(Data records)
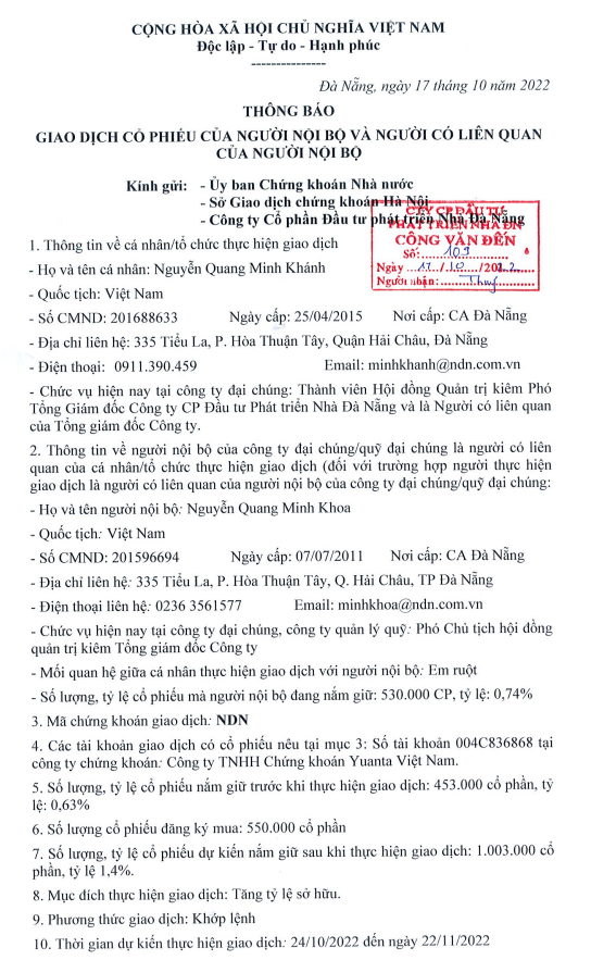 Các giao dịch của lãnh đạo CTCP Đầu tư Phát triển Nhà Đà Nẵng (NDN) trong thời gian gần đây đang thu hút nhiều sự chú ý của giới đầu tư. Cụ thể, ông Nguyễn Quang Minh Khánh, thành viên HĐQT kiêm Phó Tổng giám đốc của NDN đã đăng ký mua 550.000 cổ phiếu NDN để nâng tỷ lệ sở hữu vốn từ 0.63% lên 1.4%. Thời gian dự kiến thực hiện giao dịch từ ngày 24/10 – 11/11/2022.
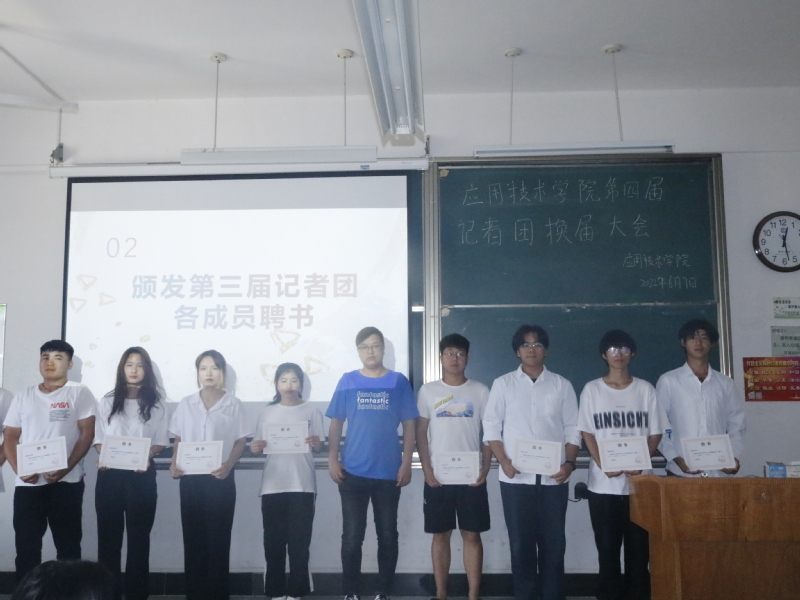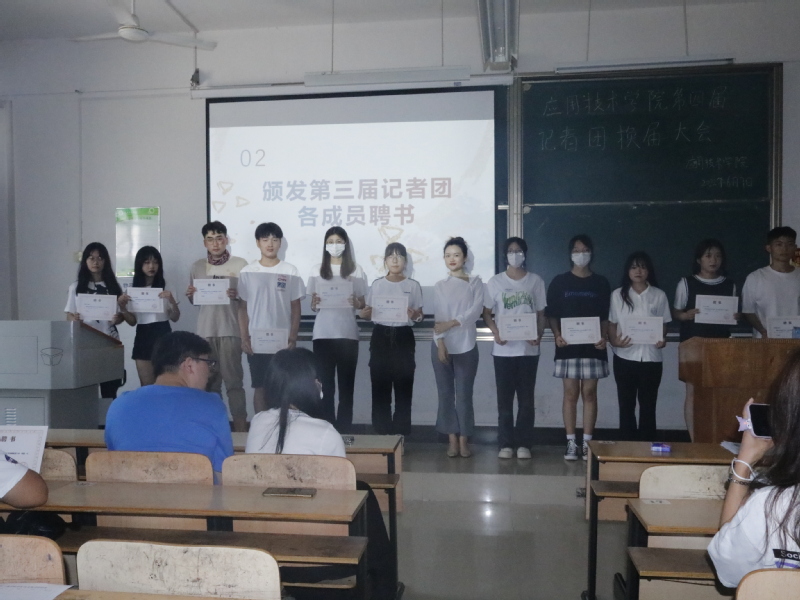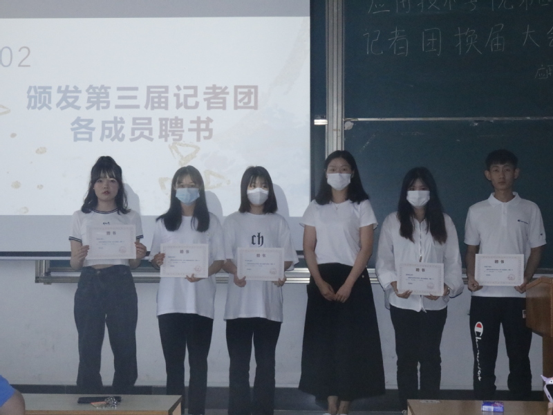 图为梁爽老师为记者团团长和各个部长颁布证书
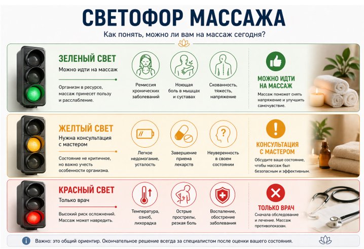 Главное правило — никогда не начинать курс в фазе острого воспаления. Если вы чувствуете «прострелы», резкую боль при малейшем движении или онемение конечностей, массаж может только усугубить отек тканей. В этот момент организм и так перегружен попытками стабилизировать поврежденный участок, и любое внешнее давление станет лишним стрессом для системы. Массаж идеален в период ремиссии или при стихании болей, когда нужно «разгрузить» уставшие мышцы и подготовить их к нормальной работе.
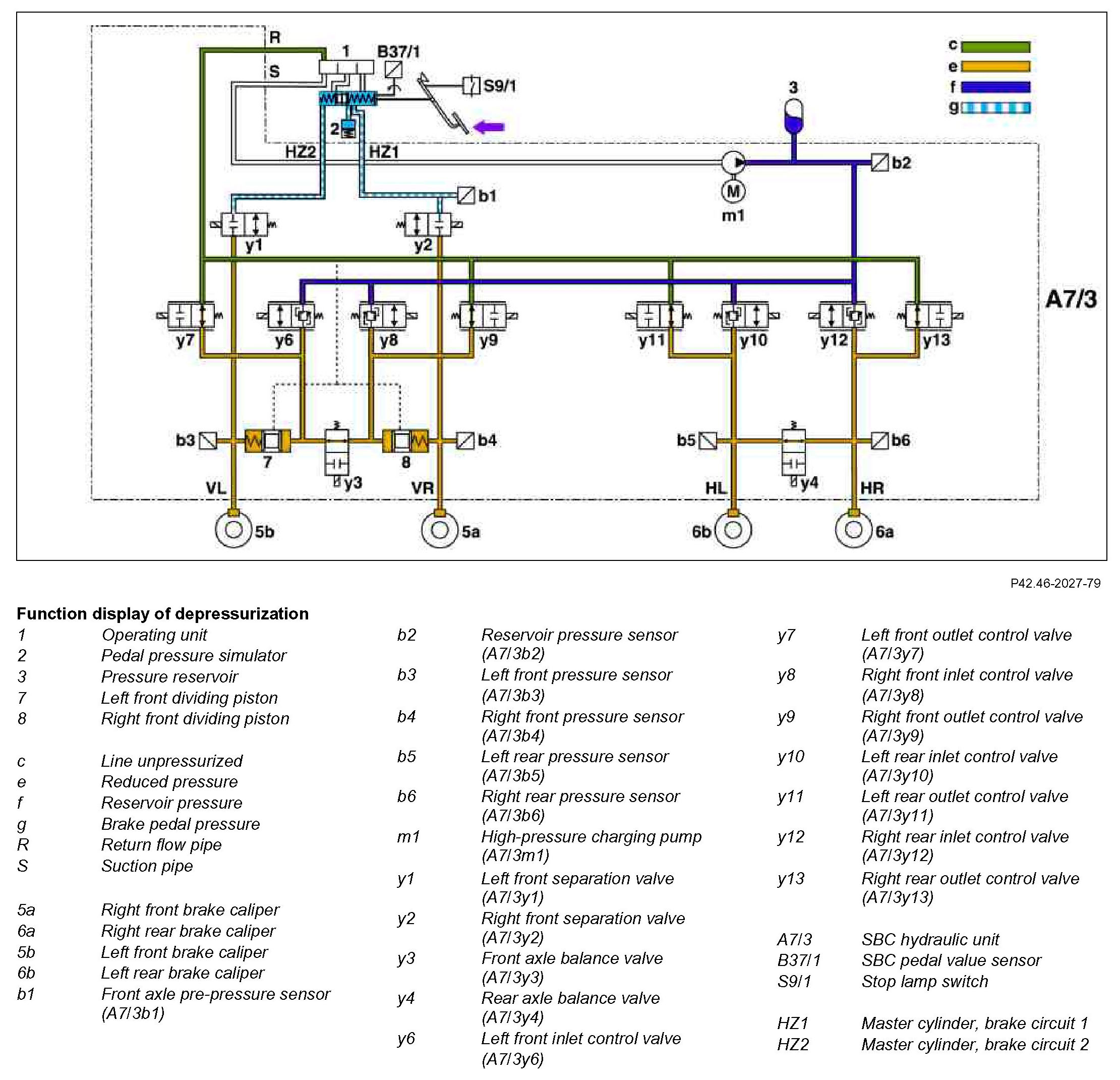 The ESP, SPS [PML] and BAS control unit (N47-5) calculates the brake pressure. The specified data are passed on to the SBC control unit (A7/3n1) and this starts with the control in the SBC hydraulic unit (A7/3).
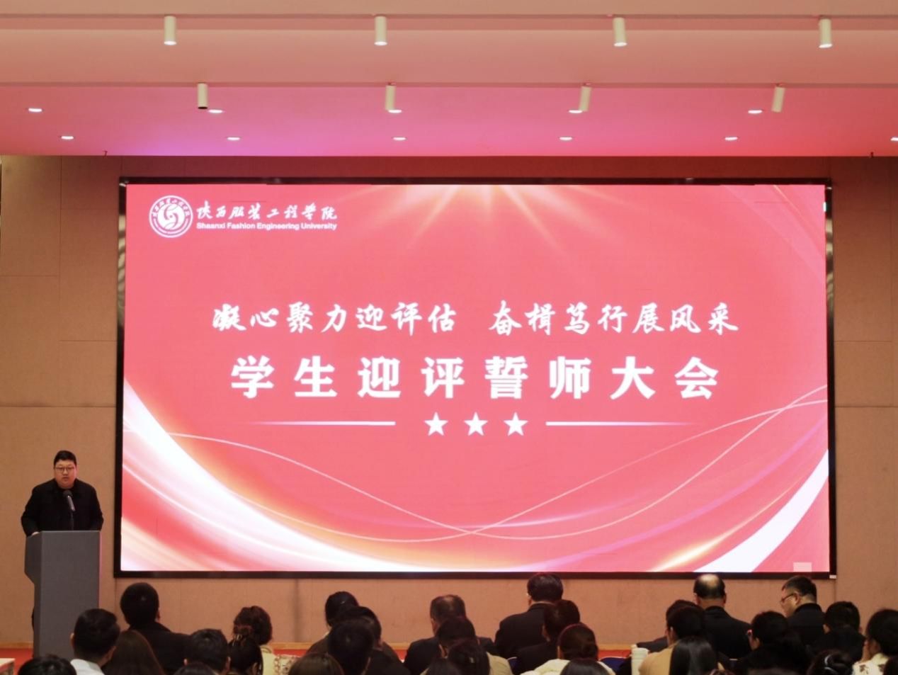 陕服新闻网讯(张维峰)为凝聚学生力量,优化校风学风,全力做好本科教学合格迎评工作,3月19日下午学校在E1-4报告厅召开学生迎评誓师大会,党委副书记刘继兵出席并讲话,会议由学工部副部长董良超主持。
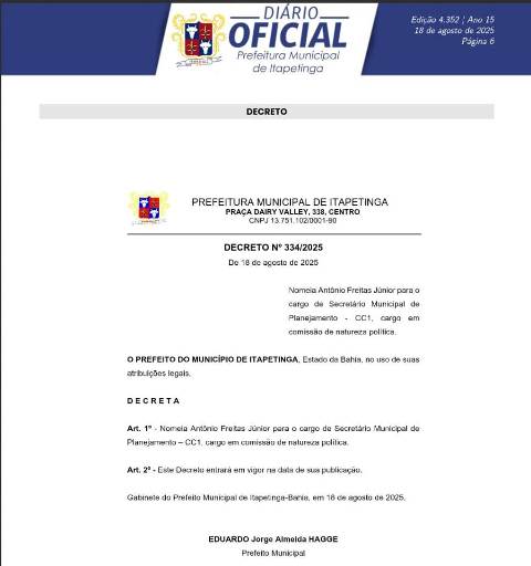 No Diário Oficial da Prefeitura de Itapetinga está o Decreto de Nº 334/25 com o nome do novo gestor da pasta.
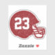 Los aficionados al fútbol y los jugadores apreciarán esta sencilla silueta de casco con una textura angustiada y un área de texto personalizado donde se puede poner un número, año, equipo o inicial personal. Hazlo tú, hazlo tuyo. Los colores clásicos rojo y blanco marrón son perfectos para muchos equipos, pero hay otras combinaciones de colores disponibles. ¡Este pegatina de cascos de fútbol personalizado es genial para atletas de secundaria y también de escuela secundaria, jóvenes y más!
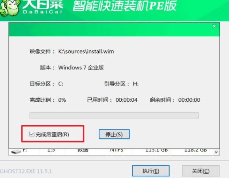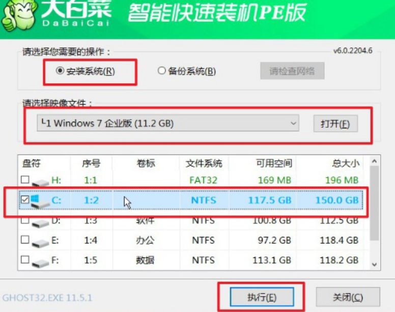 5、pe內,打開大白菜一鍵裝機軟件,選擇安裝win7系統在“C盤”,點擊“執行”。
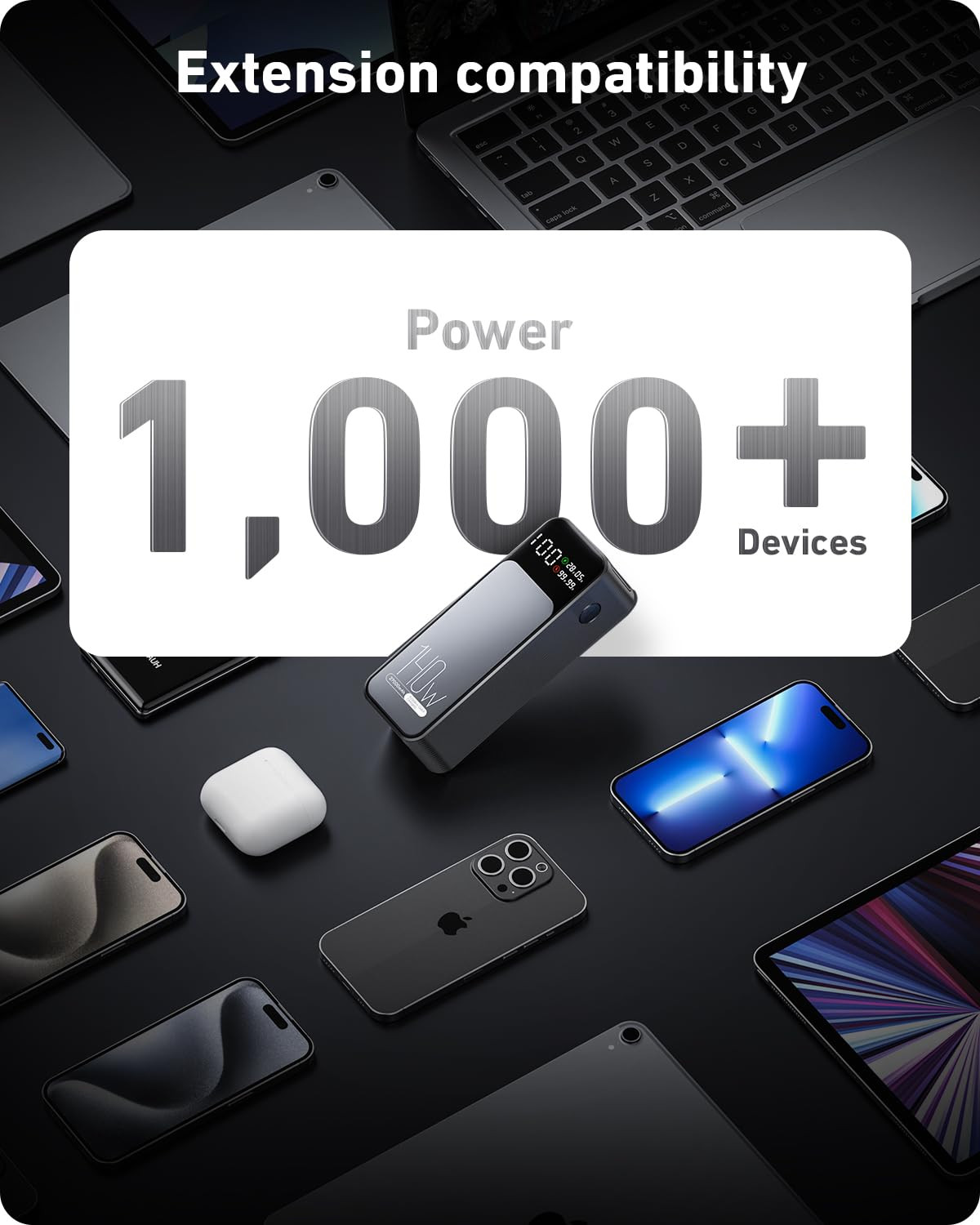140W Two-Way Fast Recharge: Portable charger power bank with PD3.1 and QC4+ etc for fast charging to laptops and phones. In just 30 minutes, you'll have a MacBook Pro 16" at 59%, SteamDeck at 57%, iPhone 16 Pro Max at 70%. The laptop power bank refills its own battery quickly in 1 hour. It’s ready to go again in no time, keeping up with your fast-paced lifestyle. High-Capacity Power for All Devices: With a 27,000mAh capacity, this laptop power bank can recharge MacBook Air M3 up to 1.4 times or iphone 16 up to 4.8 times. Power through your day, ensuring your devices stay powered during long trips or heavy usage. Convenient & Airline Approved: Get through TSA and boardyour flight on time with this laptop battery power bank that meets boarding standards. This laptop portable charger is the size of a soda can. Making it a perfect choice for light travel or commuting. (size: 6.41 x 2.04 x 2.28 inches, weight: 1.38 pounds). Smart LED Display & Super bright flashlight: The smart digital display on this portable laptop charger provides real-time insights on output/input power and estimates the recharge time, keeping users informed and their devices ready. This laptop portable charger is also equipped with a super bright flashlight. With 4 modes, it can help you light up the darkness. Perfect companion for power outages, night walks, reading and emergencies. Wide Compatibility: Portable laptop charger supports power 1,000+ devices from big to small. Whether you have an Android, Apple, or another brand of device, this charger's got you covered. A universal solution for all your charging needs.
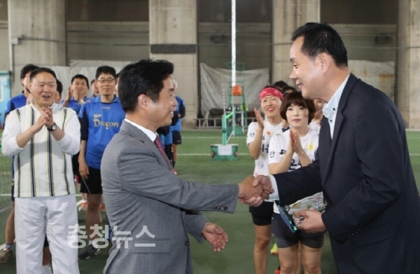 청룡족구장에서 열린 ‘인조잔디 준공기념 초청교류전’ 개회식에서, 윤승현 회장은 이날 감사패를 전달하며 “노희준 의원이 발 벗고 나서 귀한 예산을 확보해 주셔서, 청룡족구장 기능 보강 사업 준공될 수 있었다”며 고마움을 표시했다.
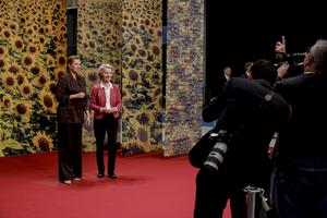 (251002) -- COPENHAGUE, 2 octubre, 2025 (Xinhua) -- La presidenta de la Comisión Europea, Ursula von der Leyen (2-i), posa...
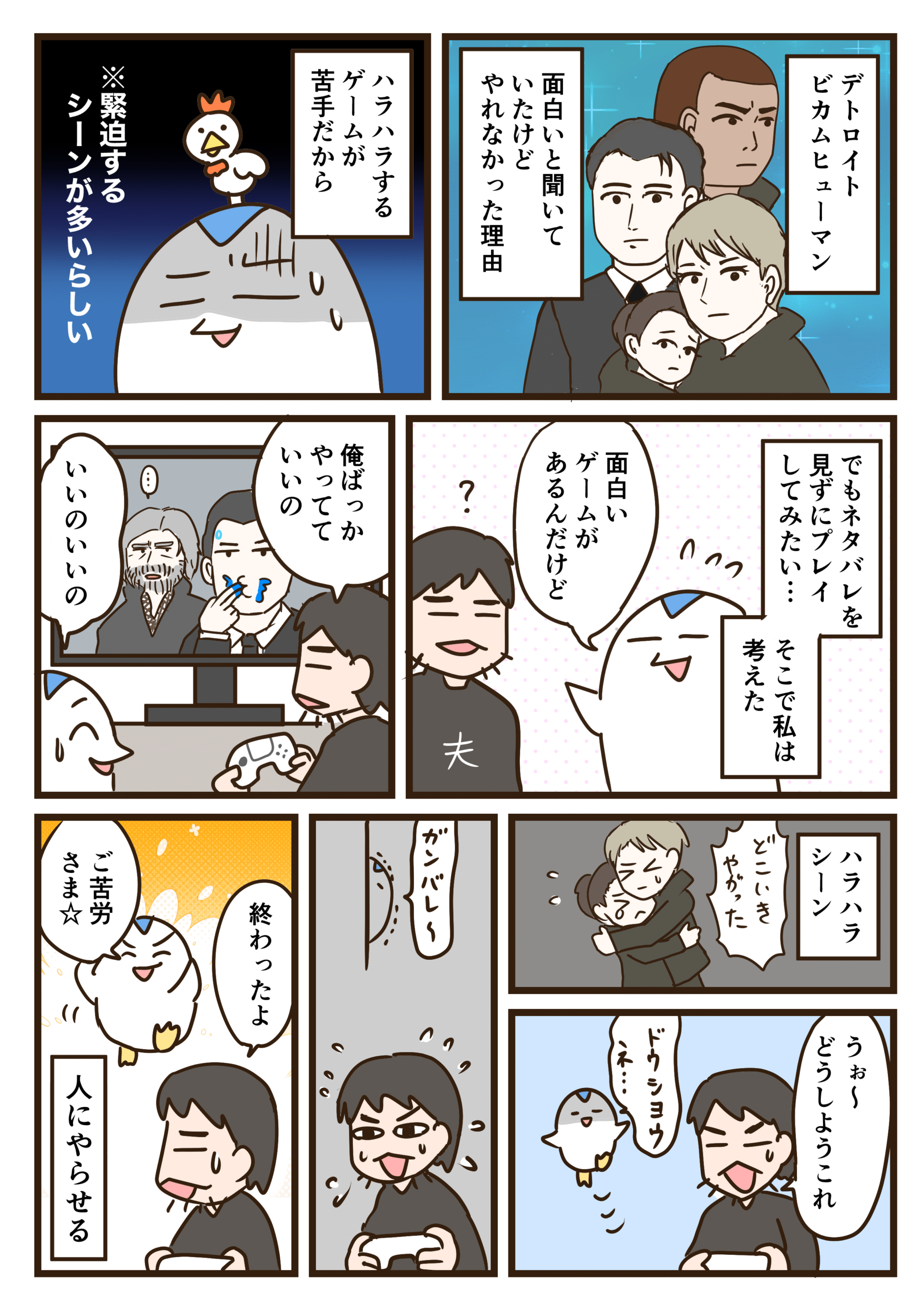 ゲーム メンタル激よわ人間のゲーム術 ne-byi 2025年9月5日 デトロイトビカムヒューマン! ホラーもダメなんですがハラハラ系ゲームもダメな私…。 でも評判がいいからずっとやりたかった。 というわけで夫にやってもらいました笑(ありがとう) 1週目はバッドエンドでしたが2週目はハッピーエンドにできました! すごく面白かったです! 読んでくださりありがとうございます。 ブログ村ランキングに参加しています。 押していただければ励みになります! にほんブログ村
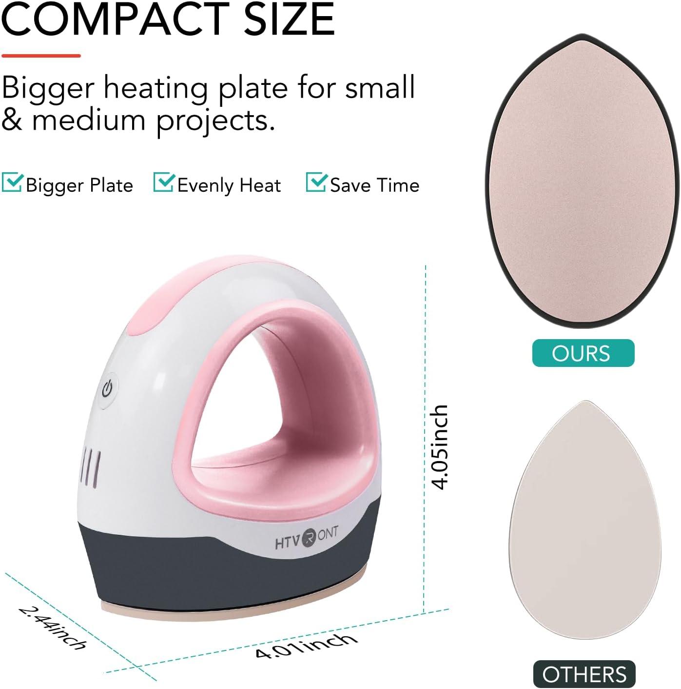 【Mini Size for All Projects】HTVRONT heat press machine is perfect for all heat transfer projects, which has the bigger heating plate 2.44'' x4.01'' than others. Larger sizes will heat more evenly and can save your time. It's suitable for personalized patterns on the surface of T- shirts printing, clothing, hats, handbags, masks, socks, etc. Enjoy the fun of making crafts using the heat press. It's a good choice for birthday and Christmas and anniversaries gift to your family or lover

**The task**
Only the text of the entries above is to be given again, exactly, with the pictures left out.

**Solution**
 Các giao dịch của lãnh đạo CTCP Đầu tư Phát triển Nhà Đà Nẵng (NDN) trong thời gian gần đây đang thu hút nhiều sự chú ý của giới đầu tư. Cụ thể, ông Nguyễn Quang Minh Khánh, thành viên HĐQT kiêm Phó Tổng giám đốc của NDN đã đăng ký mua 550.000 cổ phiếu NDN để nâng tỷ lệ sở hữu vốn từ 0.63% lên 1.4%. Thời gian dự kiến thực hiện giao dịch từ ngày 24/10 – 11/11/2022.
 图为梁爽老师为记者团团长和各个部长颁布证书
 Главное правило — никогда не начинать курс в фазе острого воспаления. Если вы чувствуете «прострелы», резкую боль при малейшем движении или онемение конечностей, массаж может только усугубить отек тканей. В этот момент организм и так перегружен попытками стабилизировать поврежденный участок, и любое внешнее давление станет лишним стрессом для системы. Массаж идеален в период ремиссии или при стихании болей, когда нужно «разгрузить» уставшие мышцы и подготовить их к нормальной работе.
 The ESP, SPS [PML] and BAS control unit (N47-5) calculates the brake pressure. The specified data are passed on to the SBC control unit (A7/3n1) and this starts with the control in the SBC hydraulic unit (A7/3).
 陕服新闻网讯(张维峰)为凝聚学生力量,优化校风学风,全力做好本科教学合格迎评工作,3月19日下午学校在E1-4报告厅召开学生迎评誓师大会,党委副书记刘继兵出席并讲话,会议由学工部副部长董良超主持。
 No Diário Oficial da Prefeitura de Itapetinga está o Decreto de Nº 334/25 com o nome do novo gestor da pasta.
 Los aficionados al fútbol y los jugadores apreciarán esta sencilla silueta de casco con una textura angustiada y un área de texto personalizado donde se puede poner un número, año, equipo o inicial personal. Hazlo tú, hazlo tuyo. Los colores clásicos rojo y blanco marrón son perfectos para muchos equipos, pero hay otras combinaciones de colores disponibles. ¡Este pegatina de cascos de fútbol personalizado es genial para atletas de secundaria y también de escuela secundaria, jóvenes y más!
 5、pe內,打開大白菜一鍵裝機軟件,選擇安裝win7系統在“C盤”,點擊“執行”。
140W Two-Way Fast Recharge: Portable charger power bank with PD3.1 and QC4+ etc for fast charging to laptops and phones. In just 30 minutes, you'll have a MacBook Pro 16" at 59%, SteamDeck at 57%, iPhone 16 Pro Max at 70%. The laptop power bank refills its own battery quickly in 1 hour. It’s ready to go again in no time, keeping up with your fast-paced lifestyle. High-Capacity Power for All Devices: With a 27,000mAh capacity, this laptop power bank can recharge MacBook Air M3 up to 1.4 times or iphone 16 up to 4.8 times. Power through your day, ensuring your devices stay powered during long trips or heavy usage. Convenient & Airline Approved: Get through TSA and boardyour flight on time with this laptop battery power bank that meets boarding standards. This laptop portable charger is the size of a soda can. Making it a perfect choice for light travel or commuting. (size: 6.41 x 2.04 x 2.28 inches, weight: 1.38 pounds). Smart LED Display & Super bright flashlight: The smart digital display on this portable laptop charger provides real-time insights on output/input power and estimates the recharge time, keeping users informed and their devices ready. This laptop portable charger is also equipped with a super bright flashlight. With 4 modes, it can help you light up the darkness. Perfect companion for power outages, night walks, reading and emergencies. Wide Compatibility: Portable laptop charger supports power 1,000+ devices from big to small. Whether you have an Android, Apple, or another brand of device, this charger's got you covered. A universal solution for all your charging needs.
 청룡족구장에서 열린 ‘인조잔디 준공기념 초청교류전’ 개회식에서, 윤승현 회장은 이날 감사패를 전달하며 “노희준 의원이 발 벗고 나서 귀한 예산을 확보해 주셔서, 청룡족구장 기능 보강 사업 준공될 수 있었다”며 고마움을 표시했다.
 (251002) -- COPENHAGUE, 2 octubre, 2025 (Xinhua) -- La presidenta de la Comisión Europea, Ursula von der Leyen (2-i), posa...
 ゲーム メンタル激よわ人間のゲーム術 ne-byi 2025年9月5日 デトロイトビカムヒューマン! ホラーもダメなんですがハラハラ系ゲームもダメな私…。 でも評判がいいからずっとやりたかった。 というわけで夫にやってもらいました笑(ありがとう) 1週目はバッドエンドでしたが2週目はハッピーエンドにできました! すごく面白かったです! 読んでくださりありがとうございます。 ブログ村ランキングに参加しています。 押していただければ励みになります! にほんブログ村
 【Mini Size for All Projects】HTVRONT heat press machine is perfect for all heat transfer projects, which has the bigger heating plate 2.44'' x4.01'' than others. Larger sizes will heat more evenly and can save your time. It's suitable for personalized patterns on the surface of T- shirts printing, clothing, hats, handbags, masks, socks, etc. Enjoy the fun of making crafts using the heat press. It's a good choice for birthday and Christmas and anniversaries gift to your family or lover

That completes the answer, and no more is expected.